Tussenkalftijd, ophouden van de nageboorte, voeding, klauwproblemen, bronstsignalen, ouderdom bij de eerste kalving... De economie van de vruchbaarheid raakt aan een zeer groot aantal aspecten in de levensloop van het dier.

Volgens Anne-Sophie Rao kan men de problematiek van de vruchtbaarheid slechts analyseren op basis van objectieve gegevens. Deze gegevens zijn belangrijk, maar beheer ervan kan soms moeilijkheden opleveren. Het is dus nodig om te weten waar ze te vinden zijn, want het zijn deze objectieve gegevens die de indrukken van de veehouder kunnen bevestigen of juist tegenspreken.

“De ouderdom bij eerste kalving en de tussenkalftijd laten toe om te weten welk dier problemen stelt”, zo legt de dierenarts uit. En om te weten waar een bedrijf zich bevindt ten opzichte van andere bedrijven geeft ze de situatie voor deze parameters weer voor alle Waalse veebedrijven.

“Bij de top 25 % van de Waalse melkveebedrijven bedraagt de ouderdom bij eerste kalving 26 maanden, terwijl de tussenkalftijd op deze bedrijven 390 dagen bedraagt. Bij het Witblauw ras (zie figuur 1) ligt de ouderdom bij eerste kalving op 28 maanden (de beste situeren zich eveneens op 26 maanden), terwijl de tussenkalftijd er 397 dagen (met 380 dagen voor de beste) bedraagt.”

vruchtbaarheid

Voor de spreekster wordt de vruchtbaarheid vaak gezien als een eerste indicator op het niveau van het bedrijf. “Het is de eerste parameter die naar beneden gaat wanneer zich negatieve evenementen voordoen op het bedrijf. Die negatieve elementen zullen niet steeds onmiddellijk ontdekt worden, maar ze zullen wel tot gevolg hebben dat de vruchtbaarheid minder goed wordt.”

Daarenboven is het zo dat hoe lager de tussenkalftijd op het bedrijf, hoe positiever het effect zal zijn in de geldbeugel van de veehouder.

Met betrekking tot de economie van de opfok van vaarzen (melkvee in dit geval) is het zo dat een vaars die voor de eerste maal kalft op 24 maanden rendabel wordt na 2,3 lactaties. Een eerste kalving op 28 maanden schuift deze rendabiliteitsdrempel achteruit tot na de derde lactatie (zie figuur 2). “Deze achterstand brengt een bijkomende kost mee van minimaal 1.000 euro. Een vroege kalving brengt een vroege rendabiliteit met zich mee.”

Economische

Het belang van gegevens

Vandaar het belang van een goede monitor voor de vruchtbaarheid op het bedrijf. En daartoe moet de veehouder over de goede gegevens kunnen beschikken. De fiche Spot van Arsia (tegenhanger van DGZ in Wallonië) en de balans van de vruchtbaarheid die via AWE (de Waalse fokkerijorganisatie) kan bekomen worden zijn daarbij belangrijke hulpmiddelen.

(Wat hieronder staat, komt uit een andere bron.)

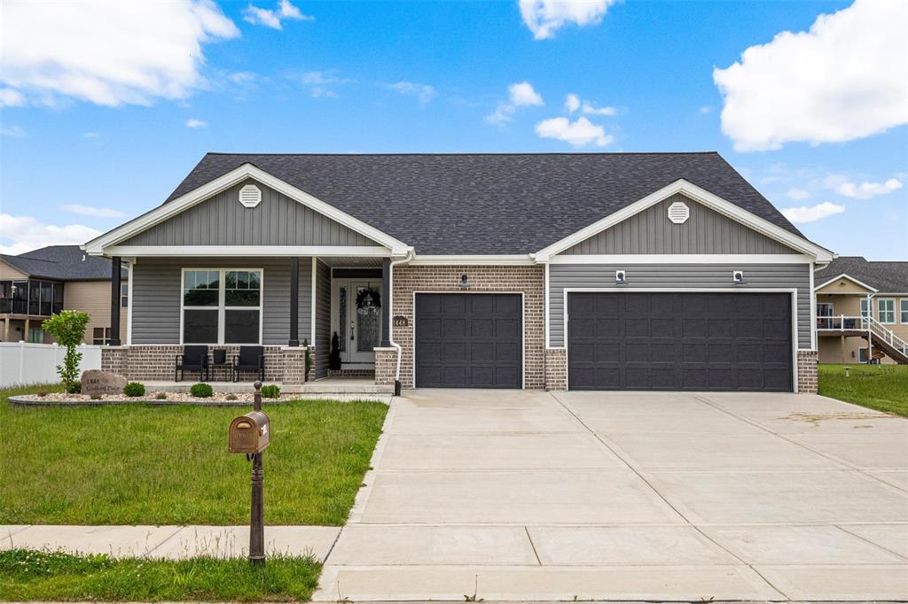 Welcome to this beautifully designed 3-bedroom, 2-bath ranch-style home offering 1,818 sq.ft. of open-concept living, complete with a 3-car garage and located just minutes from major highways and Scott AFB. From the moment you step inside, you’ll be impressed by the soaring vaulted ceilings and elegant LVP flooring that flow throughout the main living areas. The kitchen is a chef’s dream featuring 42” soft-close cabinets, granite countertops, a farmhouse sink, stainless steel appliances, a large island, and a spacious dining area ideal for gatherings. The split floor plan provides privacy and comfort, with the luxurious primary suite tucked away and boasting vaulted ceilings, abundant natural light, and an incredible en-suite bath with double vanity, marble shower, separate soaking tub, and a HUGE walk-in closet. Additional highlights include a custom mudroom off the garage for smart storage solutions, a generous main-floor laundry room, and a full basement with an egress window and rough-in for a future bathroom ,ready to finish to your liking. Comes with builder warranty and located in Triad School District.
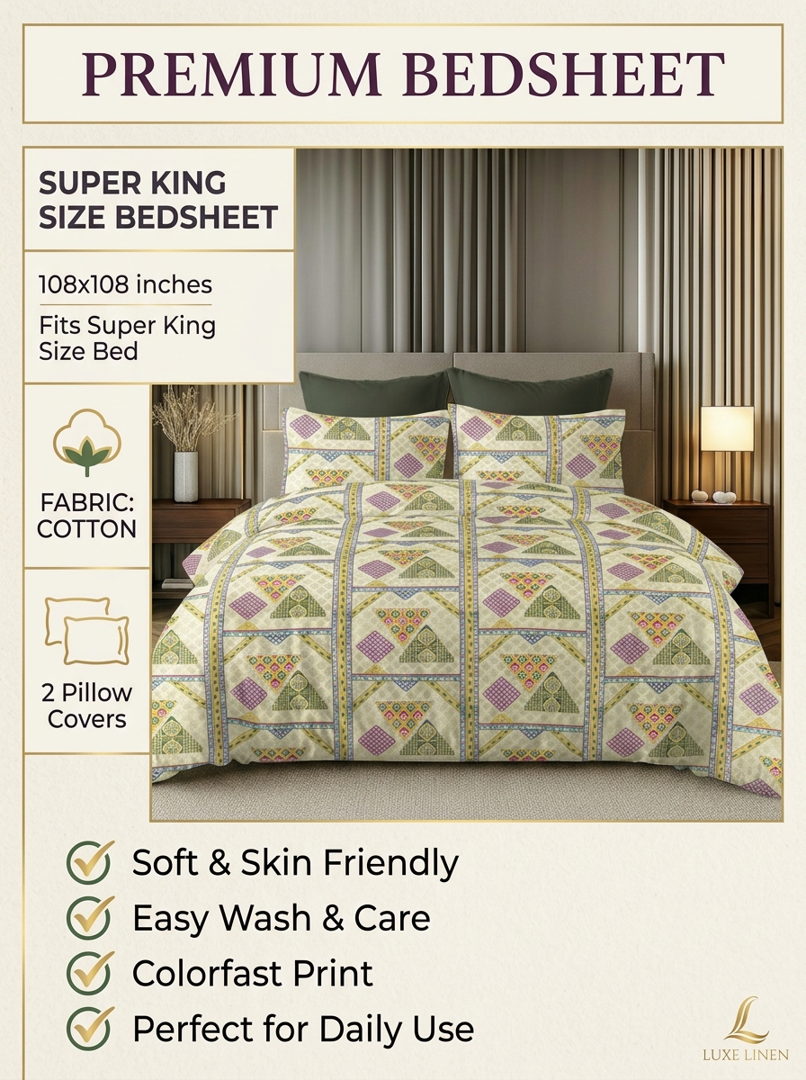 • Product Name: Jaipuri Olive Prism Premium Bedsheet

Zoals hiervoor reeds aangegeven zijn de ouderdom bij eerste kalving en de tussenkalftijd de eerste gegevens die moeten bekend zijn. Om die gegevens correct te houden is het ook nodig om eventuele verwerpingen op te geven. Indien de fiche Spot een eerste benadering van deze parameters toelaat, dan biedt de vruchtbaarheidsbalans van AWE het voordeel dat de veehouder de situatie op zijn bedrijf kan vergelijken met deze op andere bedrijven.

Een te lange tussenkalftijd?

Slechte bronstdetectie, afwezigheid van eierstokken, ophouden van de nageboorte, voeding, … het zijn allemaal factoren die de gemiddelde tussenkalftijd kunnen verlengen. Volgens de spreekster is het echter vooral belangrijk om te weten welke periode deze tussenkalftijd verlengt bij de vaars. Gaat het om het gedeelte tussen de geboorte en de eerste inseminatie (hier gaat men van 14 naar 17 maanden)? Of is het veeleer de periode tussen de eerste inseminatie en de inseminatie die dracht tot gevolg heeft? Of zijn het beide? “Bij het Witblauw ras is het vooral de eerste periode die problemen veroorzaakt.”

“Ook bij de koeien moeten deze vragen steeds gesteld worden. Bij de koeien die meerdere malen hebben gekalfd is het vooral de periode tussen eerste inseminatie en de inseminatie die dracht tot gevolg heeft die problemen veroorzaakt. De veehouder moet dus weten of hij de bronstsignalen goed opmerkt of dat hij daartegenover vaak bronstperioden niet merkt.”

De vruchtbaarheidsbalans maakt een evolutie op van de ouderdom bij eerste kalving. Via deze gegevens kan men de evolutie in de tijd volgen en kan men zien hoe en wanneer de situatie voor een bepaald dier eventueel verslechtert. “Soms is dat duidelijk als gevolg van een verandering op het bedrijf: verandering van voeding, een andere inseminator,… Door de intervallen tussen 2 inseminaties te verdelen kan men eveneens een goed beeld krijgen. Zit men met intervallen tussen 36 en 48 dagen (één cyclus gemist) of eerder 18 tot 24 dagen (het na te streven optimum)?”

Historiek is heel belangrijk

In de periode tussen de kalving en de eerste inseminatie kunnen de problemen zeer vroeg optreden. Het management op het bedrijf, de genetica, de voeding, pathologieën, zowel op gebied van ademhaling, voortbeweging als vertering en uiergezondheid,… het zijn allemaal factoren die een belangrijke weerslag kunnen hebben op de vruchtbaarheid.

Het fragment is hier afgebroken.